Он помолчал немного, а затем, отмахивая такт помбалевой, длиною в саперный тесак, опасной бритвой, мрачно продекламировал:

 
Британец лошадь заменил железной тягой двигателя мощного,
Еще чуть-чуть, и разрешит проблему он зачатья непорочного.
И вот тогда родиться станут дети
Не под капустою, а в профсоюзном комитете.
 

«Бог знает, какая там инфекция у тебя в крови, – не унимался Помбаль; он как раз поставил ногу на биде и пытался совладать с неисправной подвязкой на жирной белой икре. – Ты же ничего не можешь сказать наверняка».

«Я писатель, – сказал Персуорден еще более гордо и чопорно. – И следовательно, уж сказать-то я в состоянии. В моих жилах крови нет. Плазма, – он перешел на жизнерадостные интонации обвинительного заключения, – вот что течет в моих венах. Как иначе справлялся бы я со своей работой? Подумай. Для “Спектейтора” я Ubique, для “Нью Стейтсмена” я Mens Sana. Если я пишу в “Дейли Уоркер”, я подписываюсь Corpore Sano. Я также Paralysis Agitans для “Таймс” и Ejaculateo Praecox[271]271
  Где бы ни, повсюду; здравый дух; здоровое тело; деятельный паралич; преждевременное семяизвержение (лат.).


[Закрыть]
для “Нью вёрс”. Я…» – Но тут вдохновение его оставило.

«Ни разу не видел, чтобы ты – и вдруг работал», – сказал Помбаль.

«Чем меньше я работаю, тем меньше зарабатываю. Если бы работа приносила мне больше сотни фунтов в год, я бы не смог уже с полным правом претендовать на непонятость». – Он взрыдал – сдавленно и весьма убедительно.

«Compris[272]272
  Ага, понятно (фр.).


[Закрыть]
. Ты снова пил. Я и бутылку видел, в коридоре, на столике. Не рановато ли?»

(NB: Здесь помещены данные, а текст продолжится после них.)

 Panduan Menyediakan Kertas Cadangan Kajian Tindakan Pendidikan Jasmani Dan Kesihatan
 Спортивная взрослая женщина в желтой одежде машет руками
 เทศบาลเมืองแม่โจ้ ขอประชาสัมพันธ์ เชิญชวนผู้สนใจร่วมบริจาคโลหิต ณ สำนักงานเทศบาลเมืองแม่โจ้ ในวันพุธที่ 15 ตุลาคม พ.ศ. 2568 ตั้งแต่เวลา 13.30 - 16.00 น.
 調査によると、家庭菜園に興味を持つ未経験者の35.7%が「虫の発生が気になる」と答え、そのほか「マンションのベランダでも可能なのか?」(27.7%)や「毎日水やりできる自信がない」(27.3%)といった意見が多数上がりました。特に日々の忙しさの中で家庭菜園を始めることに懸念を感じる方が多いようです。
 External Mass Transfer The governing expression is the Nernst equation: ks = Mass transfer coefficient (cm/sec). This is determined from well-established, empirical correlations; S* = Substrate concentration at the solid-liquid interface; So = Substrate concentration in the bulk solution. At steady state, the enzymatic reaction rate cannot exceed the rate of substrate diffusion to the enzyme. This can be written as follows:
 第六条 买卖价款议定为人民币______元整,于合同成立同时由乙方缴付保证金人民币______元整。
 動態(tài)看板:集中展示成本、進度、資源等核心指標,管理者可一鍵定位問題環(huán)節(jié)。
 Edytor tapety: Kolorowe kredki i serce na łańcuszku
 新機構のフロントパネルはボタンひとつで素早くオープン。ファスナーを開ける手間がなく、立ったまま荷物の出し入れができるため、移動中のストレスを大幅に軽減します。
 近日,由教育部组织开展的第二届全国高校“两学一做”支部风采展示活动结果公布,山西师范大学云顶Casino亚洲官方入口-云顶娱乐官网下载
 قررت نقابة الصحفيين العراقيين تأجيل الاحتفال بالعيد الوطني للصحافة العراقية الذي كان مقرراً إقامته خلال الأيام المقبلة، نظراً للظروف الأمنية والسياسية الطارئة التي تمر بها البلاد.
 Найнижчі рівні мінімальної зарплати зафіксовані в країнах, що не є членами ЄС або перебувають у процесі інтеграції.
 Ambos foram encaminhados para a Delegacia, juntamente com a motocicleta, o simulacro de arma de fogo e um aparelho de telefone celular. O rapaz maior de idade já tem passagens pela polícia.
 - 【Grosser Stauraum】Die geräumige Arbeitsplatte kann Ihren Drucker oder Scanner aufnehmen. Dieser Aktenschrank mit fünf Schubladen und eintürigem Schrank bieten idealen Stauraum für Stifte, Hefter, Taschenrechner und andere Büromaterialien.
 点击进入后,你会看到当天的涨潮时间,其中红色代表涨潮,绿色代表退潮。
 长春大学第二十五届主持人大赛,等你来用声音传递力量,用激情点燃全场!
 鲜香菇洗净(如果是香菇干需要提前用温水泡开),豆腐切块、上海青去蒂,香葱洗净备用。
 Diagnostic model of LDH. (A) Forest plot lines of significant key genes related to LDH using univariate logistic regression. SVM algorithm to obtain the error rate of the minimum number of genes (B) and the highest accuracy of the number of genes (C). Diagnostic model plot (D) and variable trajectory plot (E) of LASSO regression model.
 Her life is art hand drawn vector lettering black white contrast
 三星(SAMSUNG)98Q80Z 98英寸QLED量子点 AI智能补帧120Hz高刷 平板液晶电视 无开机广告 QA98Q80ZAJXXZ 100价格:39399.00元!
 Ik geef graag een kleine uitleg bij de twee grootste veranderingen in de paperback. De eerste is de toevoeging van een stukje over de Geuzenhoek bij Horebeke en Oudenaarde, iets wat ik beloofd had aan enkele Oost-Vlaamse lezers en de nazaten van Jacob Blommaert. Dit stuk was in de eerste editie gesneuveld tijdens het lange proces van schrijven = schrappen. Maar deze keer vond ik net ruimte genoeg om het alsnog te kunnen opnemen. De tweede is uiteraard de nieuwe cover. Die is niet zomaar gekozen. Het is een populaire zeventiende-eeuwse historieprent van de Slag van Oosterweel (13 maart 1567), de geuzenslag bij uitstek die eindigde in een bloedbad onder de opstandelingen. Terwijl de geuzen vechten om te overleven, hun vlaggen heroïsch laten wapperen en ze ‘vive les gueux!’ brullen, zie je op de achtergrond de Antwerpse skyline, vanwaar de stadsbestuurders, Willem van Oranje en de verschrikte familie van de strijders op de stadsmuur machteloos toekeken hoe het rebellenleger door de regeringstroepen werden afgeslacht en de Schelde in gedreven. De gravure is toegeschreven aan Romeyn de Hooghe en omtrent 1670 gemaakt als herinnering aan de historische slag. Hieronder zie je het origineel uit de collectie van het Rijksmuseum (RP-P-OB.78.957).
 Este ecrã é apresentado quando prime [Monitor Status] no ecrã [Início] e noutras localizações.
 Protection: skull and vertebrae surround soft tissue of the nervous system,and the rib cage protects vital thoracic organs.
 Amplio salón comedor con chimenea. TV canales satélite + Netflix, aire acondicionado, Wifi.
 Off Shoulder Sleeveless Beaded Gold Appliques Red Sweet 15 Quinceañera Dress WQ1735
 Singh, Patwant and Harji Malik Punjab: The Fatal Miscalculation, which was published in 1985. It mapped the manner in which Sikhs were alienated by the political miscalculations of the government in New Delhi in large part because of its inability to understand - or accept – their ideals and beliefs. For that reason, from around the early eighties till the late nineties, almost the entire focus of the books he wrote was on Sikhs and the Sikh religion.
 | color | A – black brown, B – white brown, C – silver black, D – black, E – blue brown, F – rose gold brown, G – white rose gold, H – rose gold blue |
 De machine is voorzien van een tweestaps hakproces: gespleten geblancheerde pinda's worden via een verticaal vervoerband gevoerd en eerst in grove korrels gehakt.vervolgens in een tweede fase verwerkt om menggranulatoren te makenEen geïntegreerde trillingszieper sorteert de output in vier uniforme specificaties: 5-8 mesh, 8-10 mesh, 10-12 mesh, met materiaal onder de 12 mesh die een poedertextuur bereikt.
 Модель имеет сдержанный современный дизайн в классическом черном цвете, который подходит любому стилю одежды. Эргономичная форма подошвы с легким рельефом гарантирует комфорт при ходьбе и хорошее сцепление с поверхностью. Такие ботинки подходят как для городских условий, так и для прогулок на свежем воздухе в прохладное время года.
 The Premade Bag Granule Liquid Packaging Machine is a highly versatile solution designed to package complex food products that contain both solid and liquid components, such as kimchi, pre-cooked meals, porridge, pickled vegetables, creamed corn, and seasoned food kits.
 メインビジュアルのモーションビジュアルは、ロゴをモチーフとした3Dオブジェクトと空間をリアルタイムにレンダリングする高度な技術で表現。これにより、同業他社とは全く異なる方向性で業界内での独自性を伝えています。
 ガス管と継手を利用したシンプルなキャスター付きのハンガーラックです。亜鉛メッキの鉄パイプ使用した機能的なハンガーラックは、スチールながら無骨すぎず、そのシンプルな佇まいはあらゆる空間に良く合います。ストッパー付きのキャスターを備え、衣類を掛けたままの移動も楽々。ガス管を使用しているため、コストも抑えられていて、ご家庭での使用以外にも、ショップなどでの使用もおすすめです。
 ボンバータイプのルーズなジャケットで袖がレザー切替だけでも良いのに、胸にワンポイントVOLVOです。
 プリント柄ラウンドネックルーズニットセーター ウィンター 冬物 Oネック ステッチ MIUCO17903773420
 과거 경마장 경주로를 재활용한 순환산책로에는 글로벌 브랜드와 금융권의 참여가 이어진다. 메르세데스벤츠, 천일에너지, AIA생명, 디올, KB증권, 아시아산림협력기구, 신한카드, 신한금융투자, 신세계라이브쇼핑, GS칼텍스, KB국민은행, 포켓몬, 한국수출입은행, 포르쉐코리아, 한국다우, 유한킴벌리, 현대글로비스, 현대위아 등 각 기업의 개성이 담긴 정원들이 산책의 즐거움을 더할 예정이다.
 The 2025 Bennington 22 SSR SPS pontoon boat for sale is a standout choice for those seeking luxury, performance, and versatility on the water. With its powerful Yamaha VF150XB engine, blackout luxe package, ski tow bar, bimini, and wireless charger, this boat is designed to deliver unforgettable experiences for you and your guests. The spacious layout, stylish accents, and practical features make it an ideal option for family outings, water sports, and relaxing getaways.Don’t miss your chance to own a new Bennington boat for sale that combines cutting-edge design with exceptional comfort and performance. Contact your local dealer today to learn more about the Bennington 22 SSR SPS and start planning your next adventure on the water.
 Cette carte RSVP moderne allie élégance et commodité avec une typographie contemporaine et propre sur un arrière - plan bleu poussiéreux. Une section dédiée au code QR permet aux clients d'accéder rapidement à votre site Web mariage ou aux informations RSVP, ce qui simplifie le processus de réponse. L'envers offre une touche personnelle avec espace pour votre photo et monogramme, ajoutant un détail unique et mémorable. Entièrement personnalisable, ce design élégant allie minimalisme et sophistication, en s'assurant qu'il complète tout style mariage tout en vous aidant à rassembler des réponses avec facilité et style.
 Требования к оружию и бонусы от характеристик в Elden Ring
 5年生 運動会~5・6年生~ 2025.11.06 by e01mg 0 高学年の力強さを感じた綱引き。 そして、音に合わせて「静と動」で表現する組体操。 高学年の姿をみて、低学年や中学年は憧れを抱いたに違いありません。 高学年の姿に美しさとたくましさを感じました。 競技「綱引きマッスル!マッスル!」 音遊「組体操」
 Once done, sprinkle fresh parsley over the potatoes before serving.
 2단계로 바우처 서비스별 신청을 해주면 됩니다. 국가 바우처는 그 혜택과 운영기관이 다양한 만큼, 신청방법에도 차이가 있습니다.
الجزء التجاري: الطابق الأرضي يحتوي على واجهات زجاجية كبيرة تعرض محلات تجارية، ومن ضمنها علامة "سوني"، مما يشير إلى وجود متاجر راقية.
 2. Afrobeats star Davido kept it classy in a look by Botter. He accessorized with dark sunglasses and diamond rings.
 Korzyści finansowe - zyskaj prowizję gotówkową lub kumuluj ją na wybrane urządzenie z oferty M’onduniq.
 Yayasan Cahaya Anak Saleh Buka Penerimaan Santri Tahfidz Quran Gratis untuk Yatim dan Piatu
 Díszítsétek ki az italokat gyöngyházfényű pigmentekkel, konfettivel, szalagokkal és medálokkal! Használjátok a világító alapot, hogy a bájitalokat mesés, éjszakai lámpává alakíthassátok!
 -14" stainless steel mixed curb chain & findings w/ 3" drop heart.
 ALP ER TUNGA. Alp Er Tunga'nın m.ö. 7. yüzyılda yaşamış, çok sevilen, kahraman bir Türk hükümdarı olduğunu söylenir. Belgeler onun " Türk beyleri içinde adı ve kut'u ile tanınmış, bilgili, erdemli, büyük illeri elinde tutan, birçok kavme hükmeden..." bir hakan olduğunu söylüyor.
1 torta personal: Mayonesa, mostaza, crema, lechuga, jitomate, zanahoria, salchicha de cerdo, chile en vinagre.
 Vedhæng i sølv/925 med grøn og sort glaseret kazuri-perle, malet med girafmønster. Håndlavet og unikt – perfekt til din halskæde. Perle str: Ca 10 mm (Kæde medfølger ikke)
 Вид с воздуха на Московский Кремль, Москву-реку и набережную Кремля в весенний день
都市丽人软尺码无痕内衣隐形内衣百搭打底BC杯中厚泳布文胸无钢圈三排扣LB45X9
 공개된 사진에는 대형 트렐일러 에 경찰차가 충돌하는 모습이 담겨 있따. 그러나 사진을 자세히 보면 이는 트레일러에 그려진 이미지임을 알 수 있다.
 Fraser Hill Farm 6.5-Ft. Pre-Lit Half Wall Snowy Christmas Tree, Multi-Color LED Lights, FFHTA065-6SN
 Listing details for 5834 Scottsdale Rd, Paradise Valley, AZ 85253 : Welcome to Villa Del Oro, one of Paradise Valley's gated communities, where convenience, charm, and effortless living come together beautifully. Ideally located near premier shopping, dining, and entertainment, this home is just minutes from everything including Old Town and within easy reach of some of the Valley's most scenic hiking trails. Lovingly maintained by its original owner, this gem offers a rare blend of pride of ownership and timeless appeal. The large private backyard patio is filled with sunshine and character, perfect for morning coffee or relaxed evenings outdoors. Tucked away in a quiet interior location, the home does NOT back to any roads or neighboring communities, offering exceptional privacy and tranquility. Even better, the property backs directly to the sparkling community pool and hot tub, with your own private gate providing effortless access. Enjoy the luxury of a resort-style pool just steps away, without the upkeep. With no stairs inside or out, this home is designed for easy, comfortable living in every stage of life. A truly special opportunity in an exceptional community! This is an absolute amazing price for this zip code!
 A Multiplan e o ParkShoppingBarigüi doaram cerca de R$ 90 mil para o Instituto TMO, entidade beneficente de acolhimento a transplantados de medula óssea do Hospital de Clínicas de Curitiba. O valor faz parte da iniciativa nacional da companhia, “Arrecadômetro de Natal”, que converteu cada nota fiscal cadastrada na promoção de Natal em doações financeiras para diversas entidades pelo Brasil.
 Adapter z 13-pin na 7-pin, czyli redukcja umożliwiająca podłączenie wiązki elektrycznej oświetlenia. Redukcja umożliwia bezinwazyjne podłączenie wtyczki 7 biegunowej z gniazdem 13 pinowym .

«Мне хотелось быть с тобою честным. В конце концов, это же твое вино. Я не хотел ничего от тебя скрывать. Я и выпил-то всего глоточек-другой».

«Есть повод?»

«А как же. Нынче вечером, мой дорогой Жорж, я собираюсь предпринять нечто меня недостойное. Я избавился от опаснейшего из врагов моих и существенно расширил занимаемый плацдарм. С профессиональной точки зрения есть повод ликовать. Вот я и собираюсь пригласить себя самого на торжественный ужин в собственную честь».

«А кто платит?»

«Сам я ужин сей и закажу, и съем, и оплачу».

«Звучит не слишком заманчиво».

Персуорден послал ему – сквозь зеркало – исполненный возмущения взгляд.

«Напротив, – сказал он. – Тихий вечер – единственное, о чем я мечтаю. Над чудными устрицами от Диамандакиса я сложу еще фрагмент-другой для будущей автобиографии».

«И назовешь ее?

«“Вокруг да около”. Первая фраза звучать будет так: “Впервые я встретил Генри Джеймса в одном алжирском борделе. На коленях у него сидела пара обнаженных гурий”».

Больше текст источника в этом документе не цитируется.